The concept of a SlashedHash is to flatten down a multi-level Hash structure into a single-level Hash whose keys represent the pathway to the data in the original multi-level structure. For example,

>> sh = {'a' => 'b', 'c' => {'d' => :e, 'f' => ['a', 'b']}, 'd' => ['e', 'f']}.slashed
=> {slashed: "a"=>"b", "c/d"=>:e, "d"=>["e", "f"], "c/f"=>["a", "b"]}

Once you transform a Hash into a SlashedHash, the only negative differences are:

  1. All but the end-point (or 'leaf node') data are turned into strings. Restated: Any data at the "end" of a Hash multi-level structure is left alone, but all keys in between, whether string, symbol, or anything else, is turned into a string in order to pack them together into a "slashed" key.
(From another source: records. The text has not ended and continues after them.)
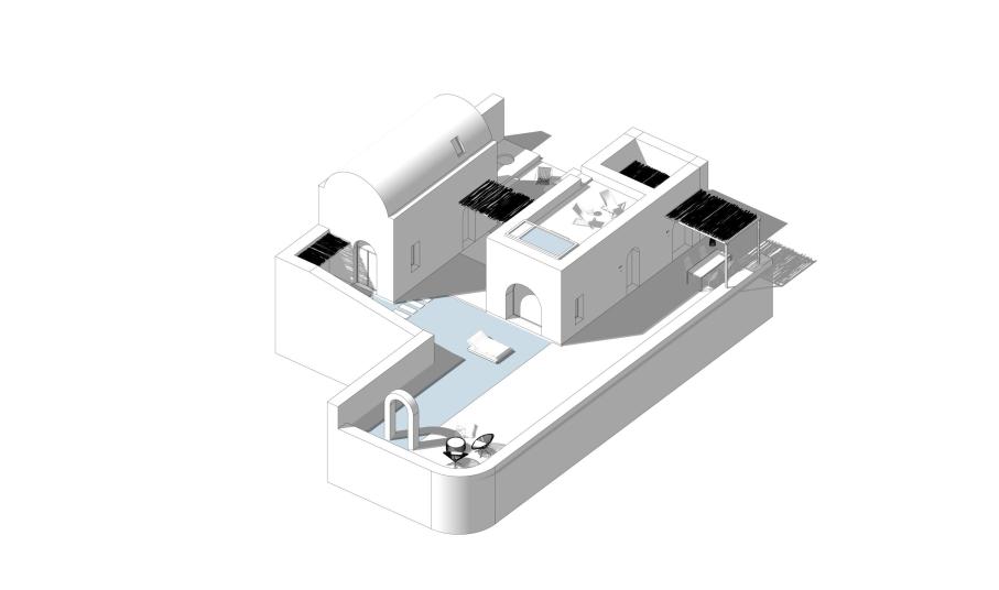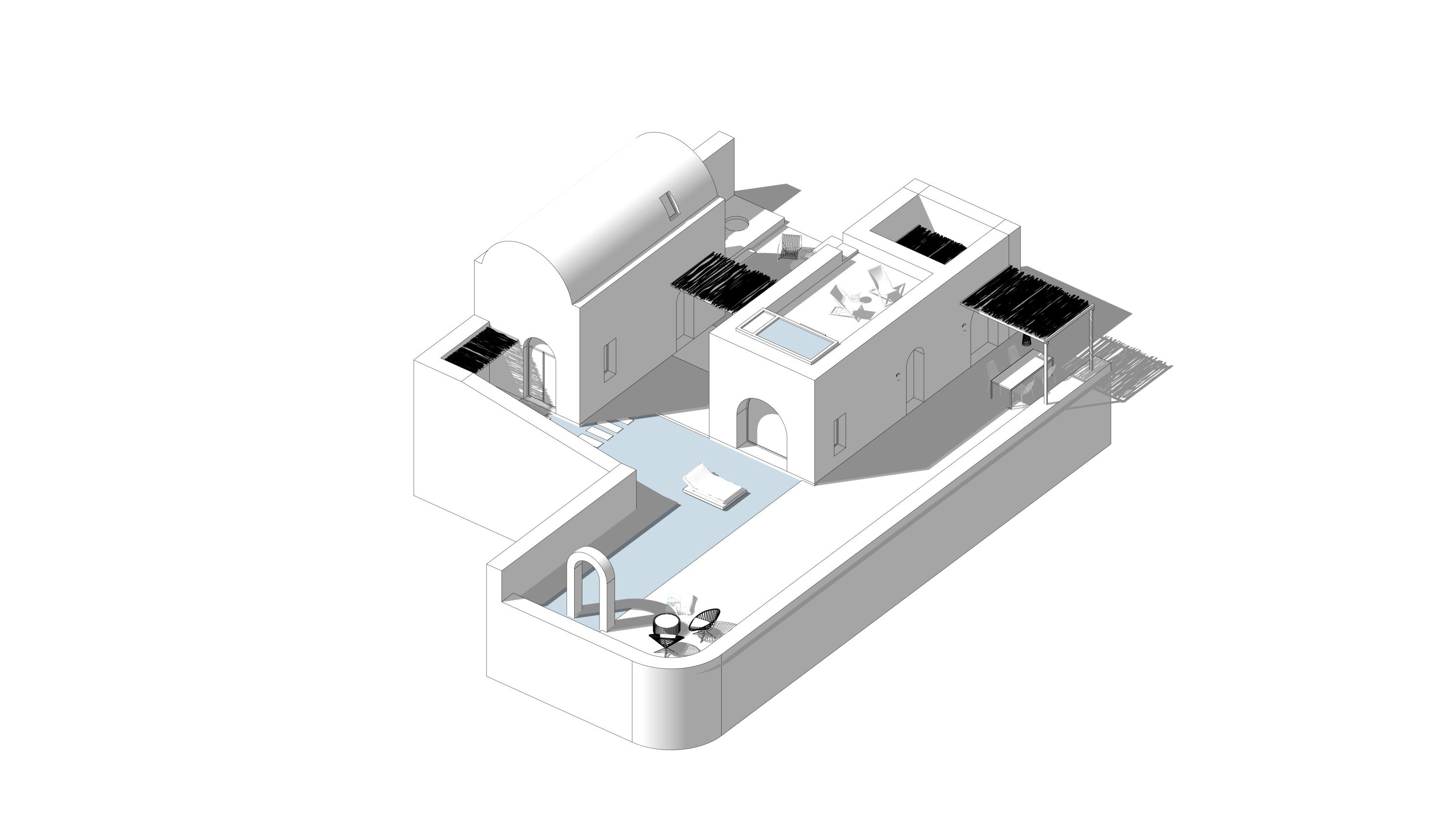 Ο σχεδιασμός έγινε με αναφορά στα αγροτικά σπίτια της Θήρας που βρίσκονται στην εξοχή ή στην περίμετρο των οικισμών, τα οποία αποτελούνται από ένα σύνολο αυτόνομων μικρών κτισμάτων μέσα σε περίκλειστες αυλές που φιλοξενούν κύριες ή βοηθητικές χρήσεις. Το συγκρότημα αποτελείται από 8 μονολιθικούς όγκους παραλληλόγραμμου σχήματος με θολωτές οροφές. Στο κτιριακό μονόχωρο όγκο που φιλοξενεί την κουζίνα και το καθημερινό η θολωτή οροφή είναι εμφανής στο εσωτερικό χώρο αλλά εξωτερικά συμπληρώνεται δημιουργώντας ένα βατό δώμα, ενώ στον κτίσμα που φιλοξενεί το υπνοδωμάτιο και το λουτρό δημιουργείται εσωτερικός εξώστης για βοηθητικό υπνοδωμάτιο και η στέγαση γίνεται κατά μήκος των στενών τοιχοποιιών με εμφανή θόλο. Τους όγκους πλαισιώνουν δεξαμενές με νερό που συμβάλλουν στον αερισμό και στον δροσισμό του συγκροτήματος.
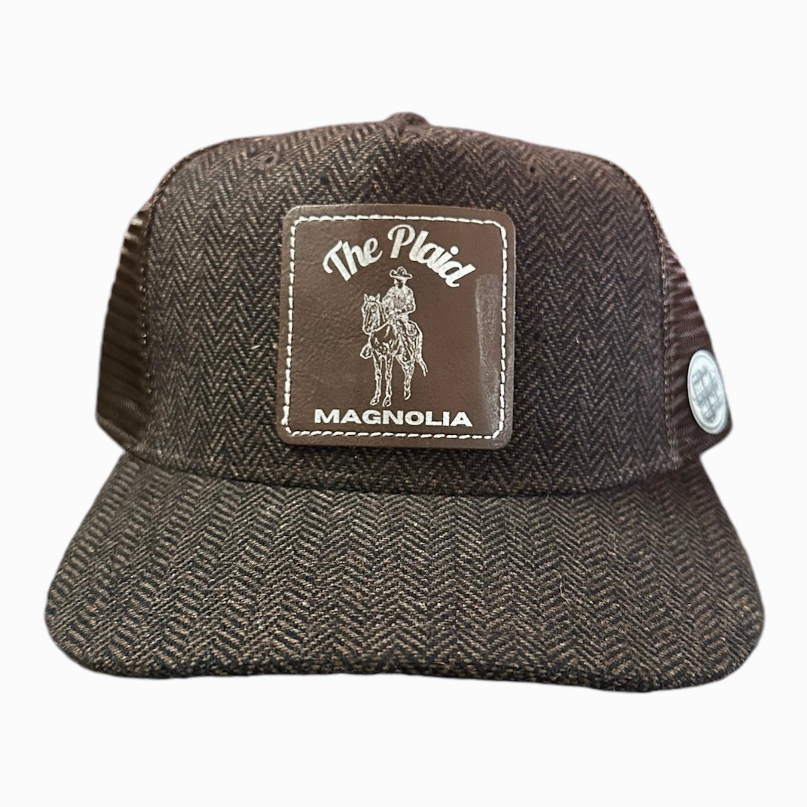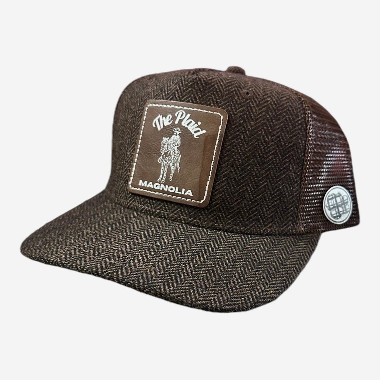 Introducing the TPM Cowboy Up Hat - a playful twist on the classic trucker hat! Featuring The Plaid Magnolia's custom engraved cowboy logo patch on a Legacy tweed design, this hat is perfect for anyone who loves to "cowboy up" and embrace their unique style. Yeehaw!
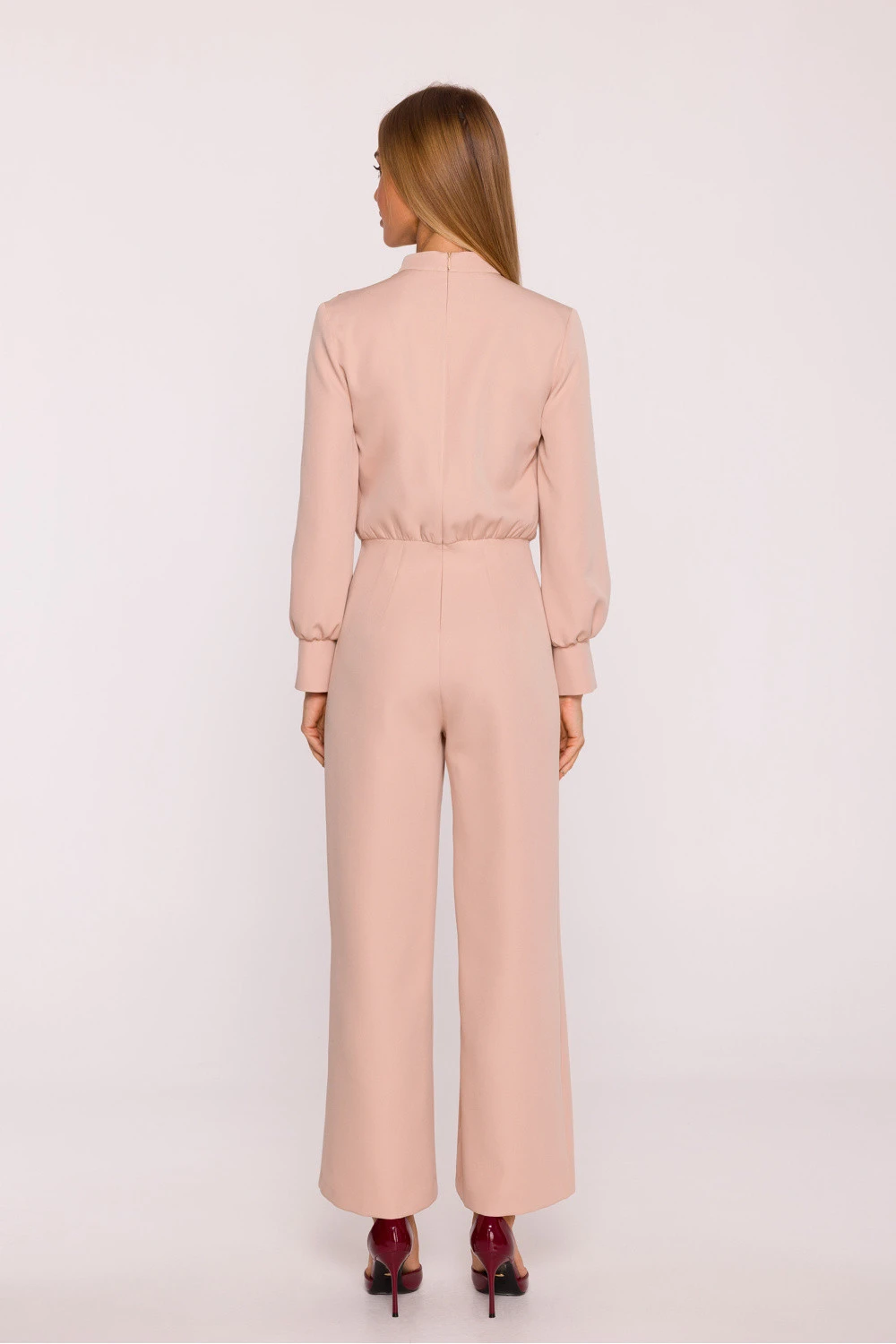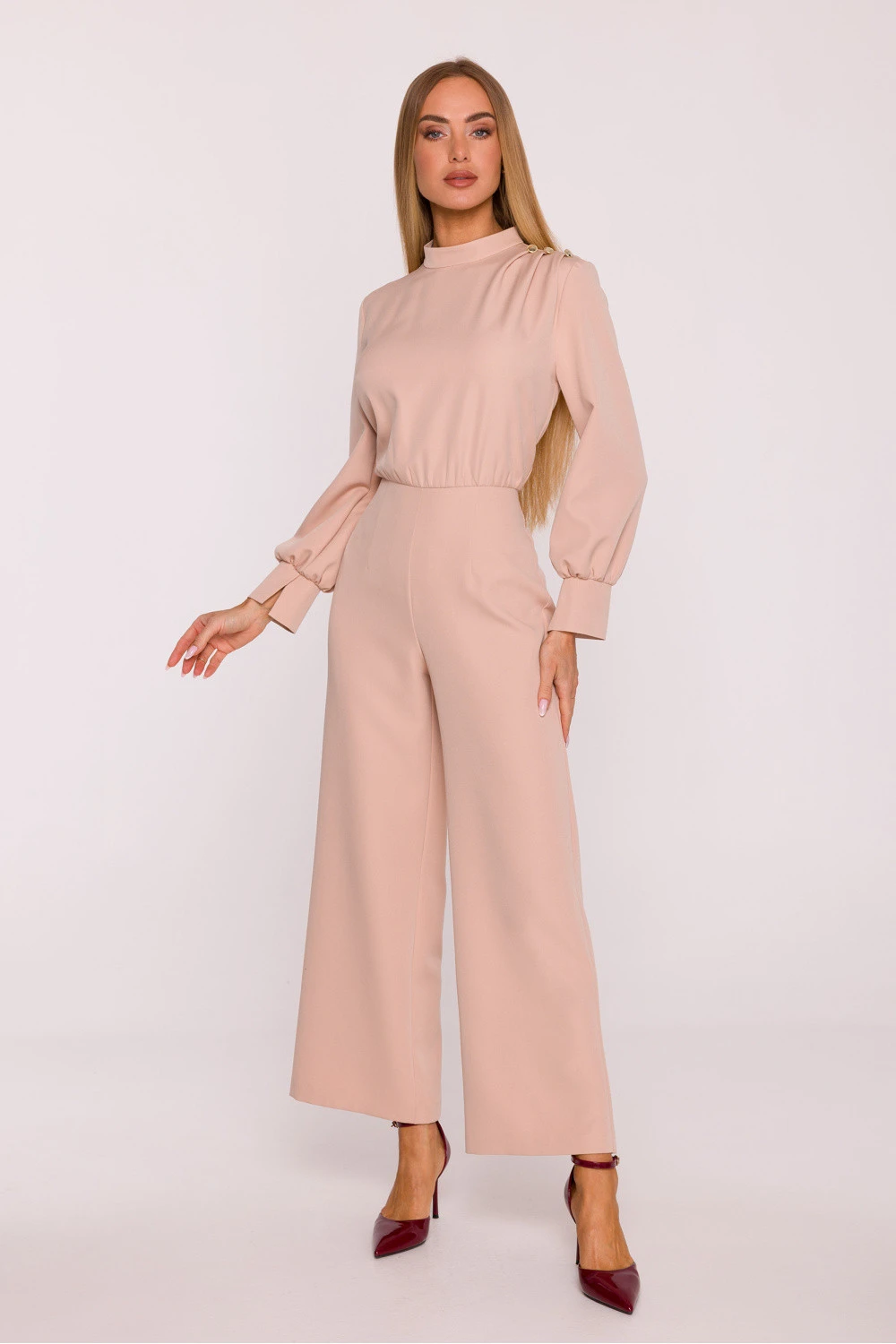 Elegantní kombinéza ušitá z hladké látky s matným povrchem je návrh, který spojuje moderní charakter s nadčasovou elegancí. Jednodílný střih krásně zdůrazňuje postavu, a přizpůsobený pas a široké nohavice 7/8 dodávají celku lehkost a volnost. Horní část kombinézy se vyznačuje stojkou s jemným záhybem na rameni, který jemně modeluje linii ramen a dodává výjimečný šarm. Dlouhé rukávy jsou zakončeny širokými manžetami se štěrbinou, zdůrazňující elegantní charakter projektu. Ozdobné knoflíčky na rameni jsou stylovým detail, který dodává celku jedinečnost. Model se zapíná na skrytý zip vzadu, co zajišťuje pohodlné oblékání a estetické dokončení. Bez podšívky a kapes kombinéza zůstává lehká, a hladká látka umožňuje vytvářet mnoho různých stylizací, od každodenních po večerní. Navržená a ušitá v Polsku, vytvořená s ohledem na ženy, které oceňují eleganci, pohodlí a nadčasový design.

  2. Speed. A Ruby Hash is built into the core and written mostly in C so it is very fast; but a SlashedHash clones the same C functionality on all the Hash's methods so that it can act as a normal Hash but with more sugar.

Like I said, the above mentioned things are the only negative differences. You can still access items by their original keys -- to continue the example above,

>> sh['c']['d']
=> :e

BUT you can also access the same values by their "slashed" keys:

>> sh['c/d']
=> :e
>> sh['c/f']
=> ["a", "b"]

And you can access the keys either normally or flattened:

>> sh.keys
=> ["a", "c", "d"]
>> sh.flat.keys
=> ["a", "c/d", "d", "c/f"]

Accessing one level into the SlashedHash gives you another SlashedHash, if applicable:

>> sh['c']
=> {slashed: "d"=>:e, "f"=>["a", "b"]}

What good is SlashedHash? What can it do for me?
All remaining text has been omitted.